* What you have to do
Leave every picture out and return the rest of the listing verbatim.

* Material provided
____

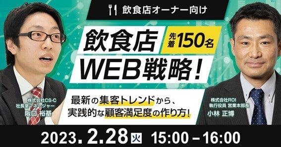 国内最大級の顧客満足度向上プラットフォーム「ファンくる」を運営する株式会ROI(本社:東京都千代田区、代表取締役社長:山口敬人)は株式会社CS-C(本社:東京都港区、代表取締役:椙原 健)と共催で、「飲食店WEB戦略!最新の集客トレンドと実践的な顧客満足度の作り方を大公開!」 (定員150名/無料)を2月28日(火)に開催いたします。(https://biz.fancrew.jp/seminar20230228_contact?=pr1)
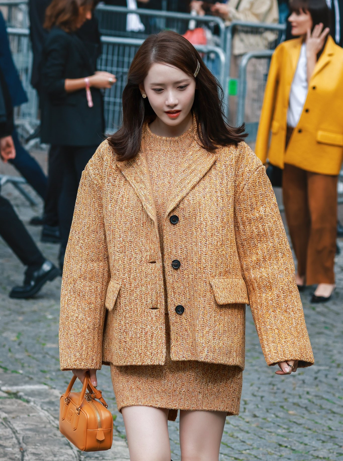 Ngay khi vừa xuất hiện, Yoona thu hút mọi ánh nhìn nhờ visual tươi trẻ với lối make-up ngọt ngào, nữ tính. Yoona diện nguyên set đồ tới từ bộ sưu tập Fall Winter 2023/2024 của hãng. Nữ thần của SNSD được khen ngợi hết lời khi kết hợp đầy tinh tế các phụ kiện trang sức và kẹp tóc, toát lên vẻ tao nhã. Outfit làm toát lên nét cổ điển nhưng không làm Yoona "bị cũ" mà trông tươi mới, trẻ trung.
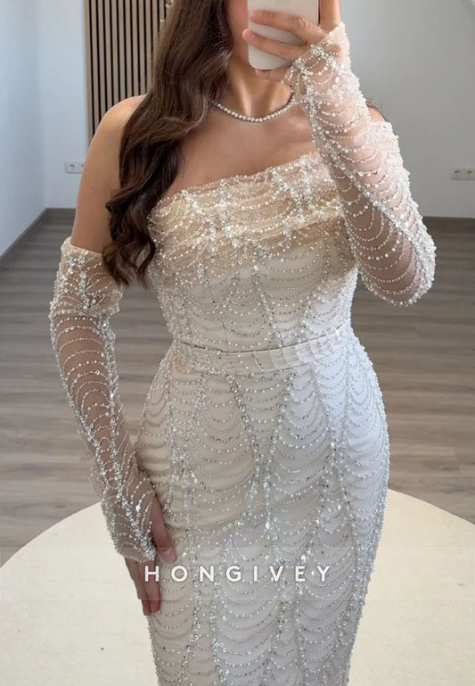 Column Asymmetrical Neck Evening Gown Long Sleeve Beading Ankle-Length Formal Dresses

____

* Exercise output
 国内最大級の顧客満足度向上プラットフォーム「ファンくる」を運営する株式会ROI(本社:東京都千代田区、代表取締役社長:山口敬人)は株式会社CS-C(本社:東京都港区、代表取締役:椙原 健)と共催で、「飲食店WEB戦略!最新の集客トレンドと実践的な顧客満足度の作り方を大公開!」 (定員150名/無料)を2月28日(火)に開催いたします。(https://biz.fancrew.jp/seminar20230228_contact?=pr1)
 Ngay khi vừa xuất hiện, Yoona thu hút mọi ánh nhìn nhờ visual tươi trẻ với lối make-up ngọt ngào, nữ tính. Yoona diện nguyên set đồ tới từ bộ sưu tập Fall Winter 2023/2024 của hãng. Nữ thần của SNSD được khen ngợi hết lời khi kết hợp đầy tinh tế các phụ kiện trang sức và kẹp tóc, toát lên vẻ tao nhã. Outfit làm toát lên nét cổ điển nhưng không làm Yoona "bị cũ" mà trông tươi mới, trẻ trung.
 Column Asymmetrical Neck Evening Gown Long Sleeve Beading Ankle-Length Formal Dresses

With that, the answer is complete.